Giving one of our virtual vehicles an internal code name. It might sound trivial, but we had some complex organizational and conceptual problems around how to structure the virtual vehicle project, which were significantly complicated by imprecise naming. And just by resolving that, the team was able to conceptualize problems more clearly and it unblocked some key decisions. I wish I could share the name, but believe me when I say it lent some charm to the project – team members could suddenly be found smiling when talking about the car, as if it were a fun coworker. This is the kind of elegant solution to a complex problem that you dream of as a TPM – simple, effective, and even improved morale.

Q: What about outside of work?

My hobbies are all over the place. I like hiking as much as I like to stay in to marathon a new video game release. I’ve been lucky to make some great friends through work, and we go out regularly for food, drinks, and karaoke. Sometimes we go to museums or aquariums together as a bunch of fully grown adults and all the other visitors are families with young children – it’s pretty funny. Because we want to see the penguins just as much as the kids do but we need to play it cool.

Hiking in Wales

Q: The theme of this year’s IWD is Invest in Women, Accelerate Growth. Where do you think companies could invest more to help women succeed?

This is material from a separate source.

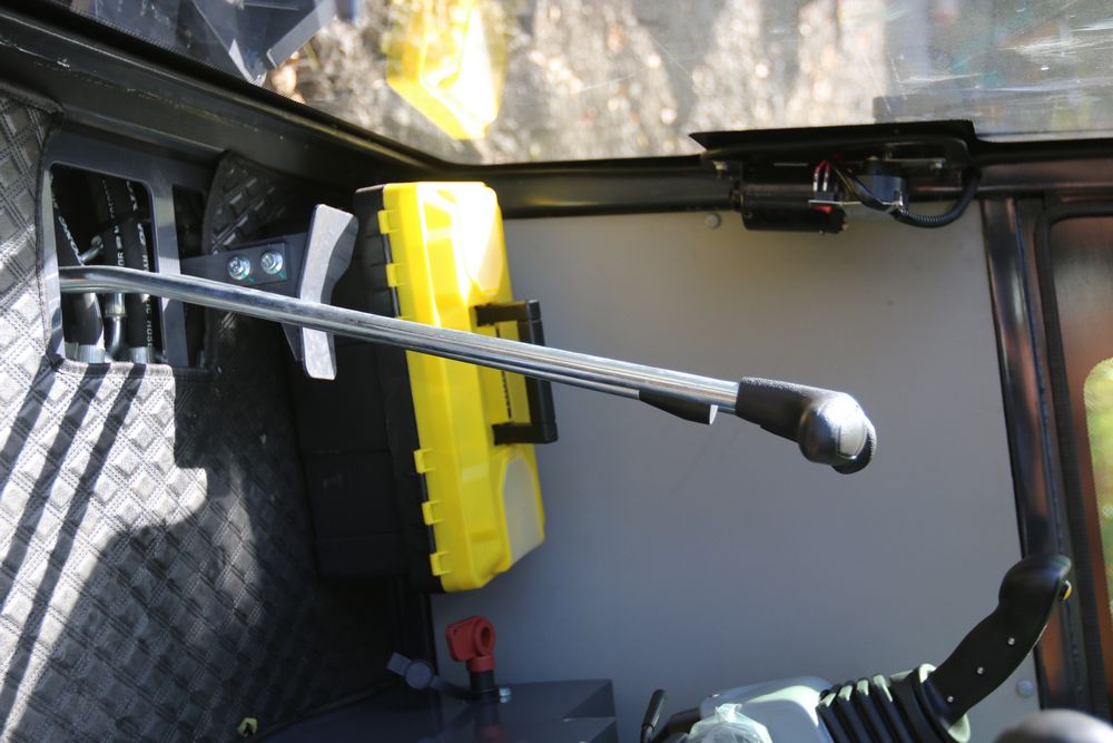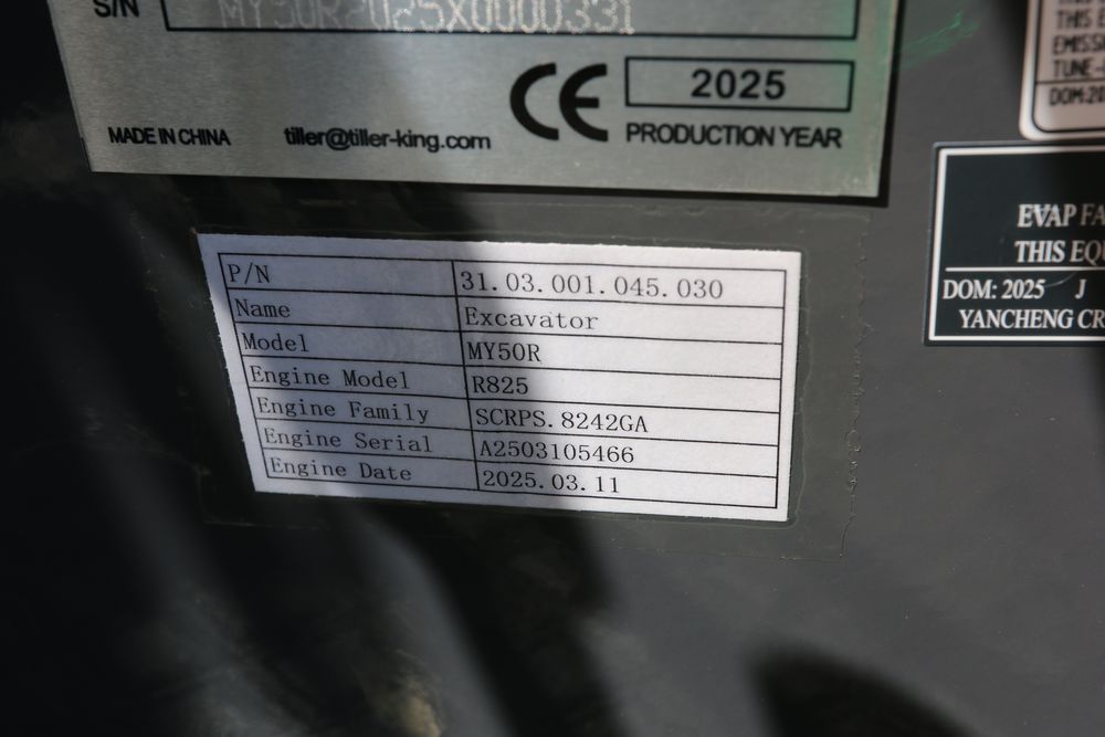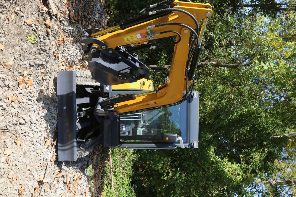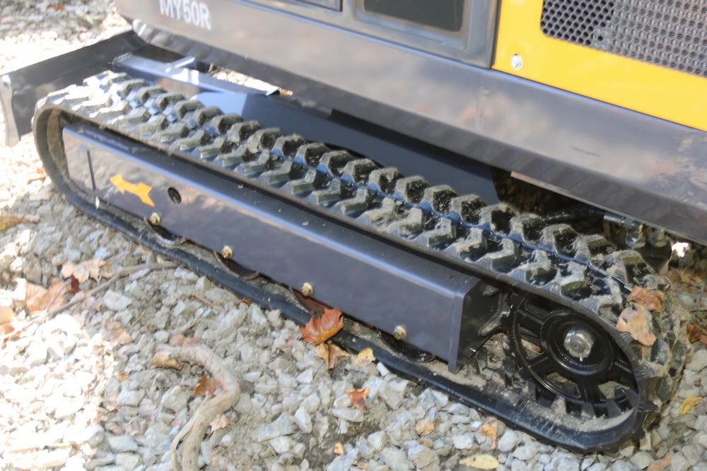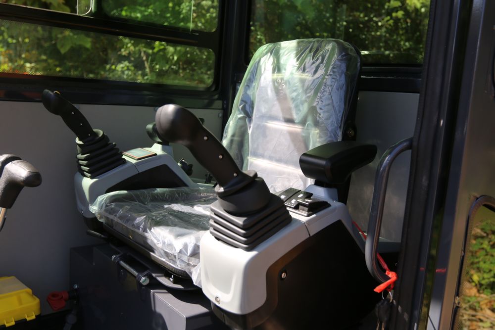 ATG Industrial MY50R mini excavator with a 1900 kg load. Features include a R825 engine model, enclosed cab, a hydraulic thumb, and off-road undercarriage expansion. Includes a dozer blade, tracked base, and ergonomic operator seat. Less than 1 hour of use.
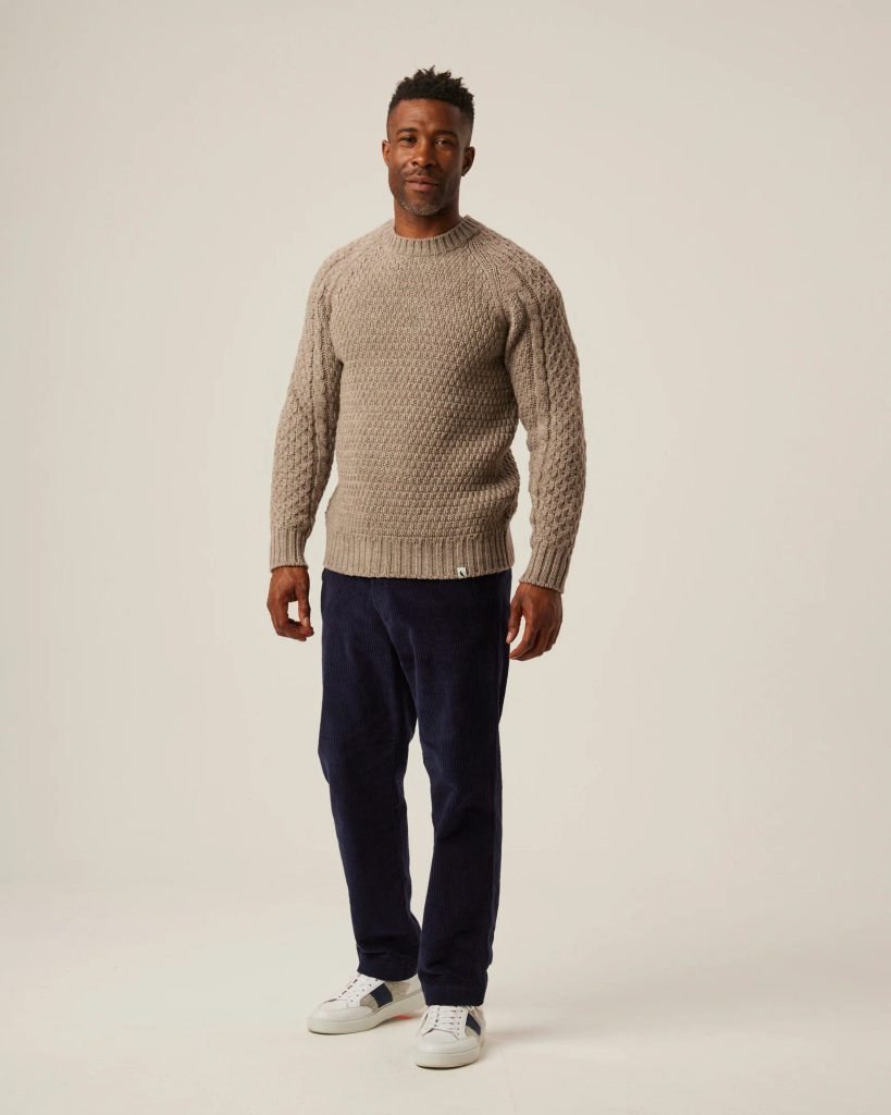 Ač si to můžeme myslet, úpletové vzory na svetrech nejsou jen pro okrasu. Určité vzory jinak uchovávají teplo k tělu, a konkrétně tento vzor, basket & cable knit, uchovává teplo skvěle. Tento kousek je proto určen už na chladnější měsíce, kdy se silnější vrstva prostě hodí.

Invest in women. Simple as that – if you are a company, you should invest in your female employees. We spend a third or more of our day at work. It’s hard for one company’s investments to make a measurable impact at scale, but it can mean everything for the women who actually work there. Even if that company doesn’t start out with many women, those women who are elevated and empowered at the company will contribute to hiring more women and inspiring more women. If every company did this, it’d go a long way.

Q: Any advice to women looking to grow in their careers?

In order to be a great singer, you need a great ear. That’s something I heard recently, but it resonated with me. An accurate internal feedback mechanism is critical for growth and improvement – only by seeing our abilities and our weaknesses clearly, without pride and without humility, can we improve. This is good advice for anyone, but because women are subject to bias, it’s that much more important to maintain that objective self view and not internalize the bias. Find people you trust to give you honest career feedback, and act on it.